How to prove expectation exists (or improper integral converges)

Question

How can I prove this improper integral converges, or give a counterexample?

$$\int_{-\infty}^{\infty}x^n p(x)dx$$ where the only thing we know about $p(x)$ is $$\int_{-\infty}^{\infty}p(x)dx = 1 $$

In other words, does $\mathbb{E}X^n$ always exists?

Answer 1

Let $p$ be the function $$p(x)=\begin{cases} 1,&\exists n\in\mathbb N: x\in[2^n,2^n+2^{-n}]\\ 0,&\text{else.} \end{cases}$$

Then we have $\int_{\mathbb R}p(x)dx=1$ but $$\int_{\mathbb R}xp(x)dx = \sum_{n=1}^\infty \int_{2^n}^{2^n+2^{-n}}xp(x)dx\ge \sum_{n=1}^\infty \int_{2^n}^{2^n+2^{-n}} 2^n dx = \sum_{n=1}^\infty 1=\infty.$$

Answer 2

The answer is negative.
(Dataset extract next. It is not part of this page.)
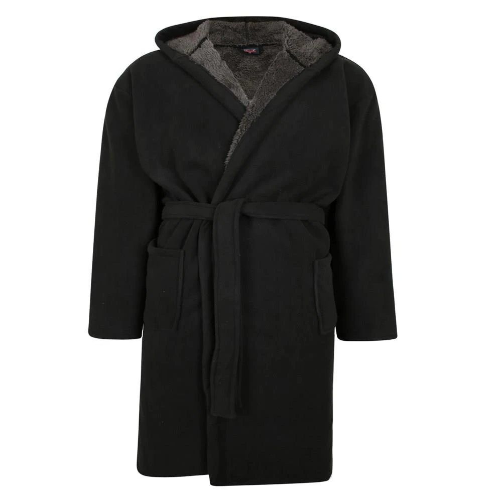 - Espionage Bonded Fleece Hooded Dressing Gown – Black Charcoal

For any $n\in\mathbb{N}_{>0}$, you may consider: $$ p(x) = \frac{1}{C_n}\cdot \frac{1}{1+|x|^{n+2}} $$ where: $$ C_n = \int_{-\infty}^{+\infty}\frac{dx}{1+|x|^{n+2}}. $$ Then $p(x)$ is a positive function with unit integral, but $$ \int_{-\infty}^{+\infty} x^m\,p(x)\,dx $$ is finite iff $m\leq n$.